■ **Problem requirements**: From the listing that follows, reproduce only the lines from the one holding "Saia midi regular" through the one holding "Nahtlose Damen-BHs ohne", both included, with no pictures.

─── Data for this task

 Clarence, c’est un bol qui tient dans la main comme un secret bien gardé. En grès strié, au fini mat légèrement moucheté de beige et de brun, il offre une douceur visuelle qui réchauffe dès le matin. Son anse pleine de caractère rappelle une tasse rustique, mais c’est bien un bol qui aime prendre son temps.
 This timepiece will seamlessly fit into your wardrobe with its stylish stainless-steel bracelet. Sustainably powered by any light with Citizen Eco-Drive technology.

──────
─── Data for this task

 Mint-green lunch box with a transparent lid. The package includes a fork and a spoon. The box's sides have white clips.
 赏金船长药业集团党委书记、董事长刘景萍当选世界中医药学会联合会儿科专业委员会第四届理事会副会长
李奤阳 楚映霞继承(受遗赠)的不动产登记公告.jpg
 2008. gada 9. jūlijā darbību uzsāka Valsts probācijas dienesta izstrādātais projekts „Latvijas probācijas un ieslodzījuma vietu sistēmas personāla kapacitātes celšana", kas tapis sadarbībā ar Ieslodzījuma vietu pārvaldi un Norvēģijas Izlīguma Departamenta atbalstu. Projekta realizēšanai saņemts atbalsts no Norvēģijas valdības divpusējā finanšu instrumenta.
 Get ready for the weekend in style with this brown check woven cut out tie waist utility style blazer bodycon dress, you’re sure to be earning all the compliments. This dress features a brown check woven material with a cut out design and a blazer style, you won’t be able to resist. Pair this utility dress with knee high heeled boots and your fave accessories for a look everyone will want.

──────
─── Data for this task

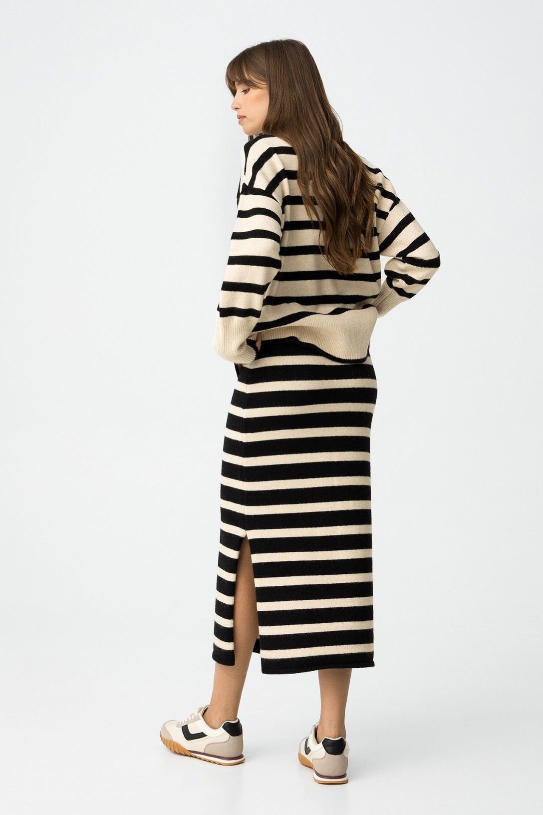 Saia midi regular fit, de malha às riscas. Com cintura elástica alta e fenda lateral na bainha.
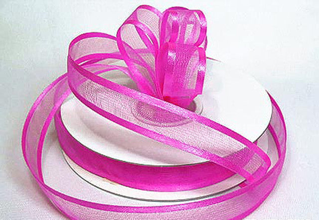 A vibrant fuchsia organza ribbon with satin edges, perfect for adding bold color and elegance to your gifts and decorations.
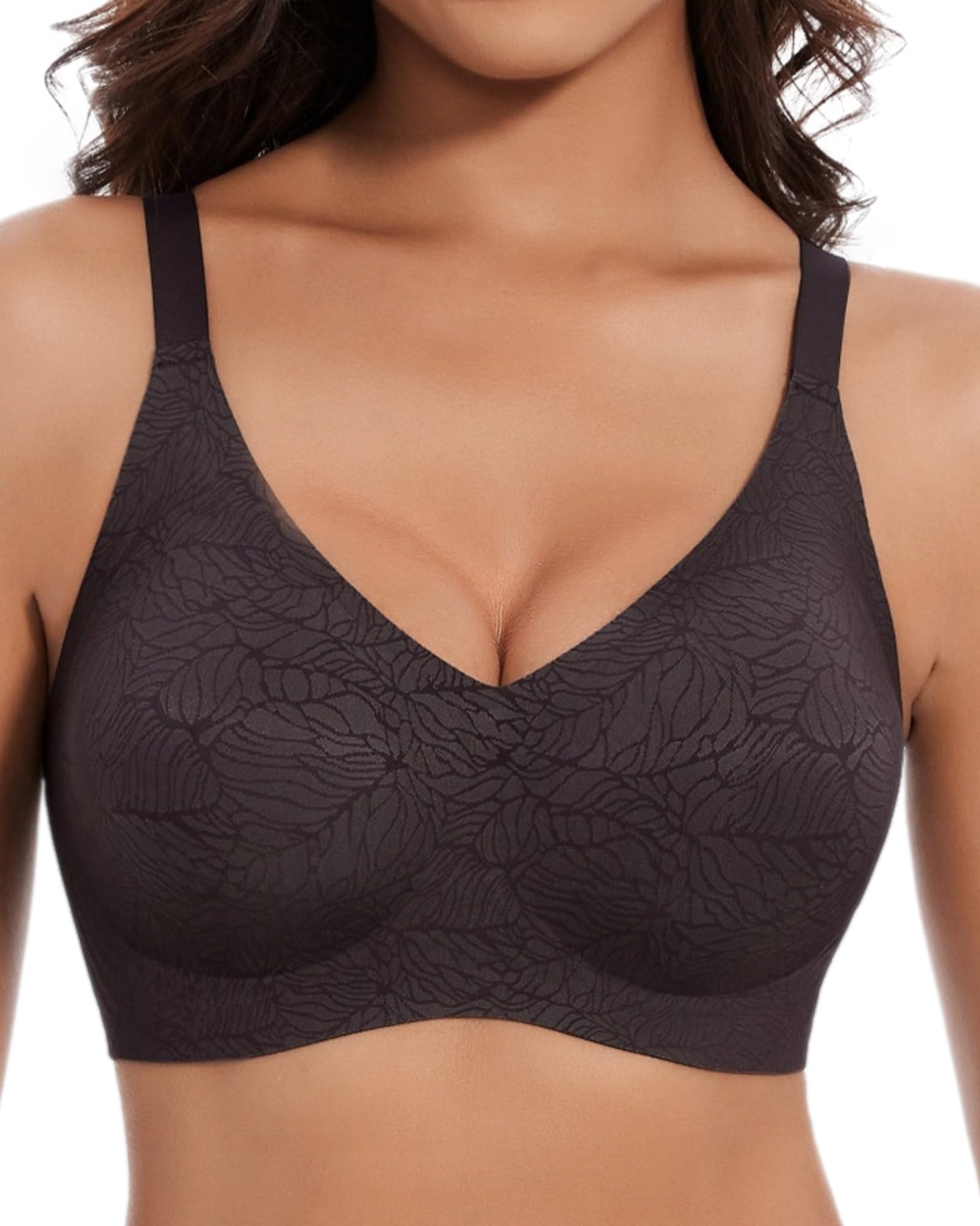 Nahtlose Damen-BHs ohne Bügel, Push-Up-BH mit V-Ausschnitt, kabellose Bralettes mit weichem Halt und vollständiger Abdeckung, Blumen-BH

──────

■ **Written response**:
 Saia midi regular fit, de malha às riscas. Com cintura elástica alta e fenda lateral na bainha.
 A vibrant fuchsia organza ribbon with satin edges, perfect for adding bold color and elegance to your gifts and decorations.
 Nahtlose Damen-BHs ohne Bügel, Push-Up-BH mit V-Ausschnitt, kabellose Bralettes mit weichem Halt und vollständiger Abdeckung, Blumen-BH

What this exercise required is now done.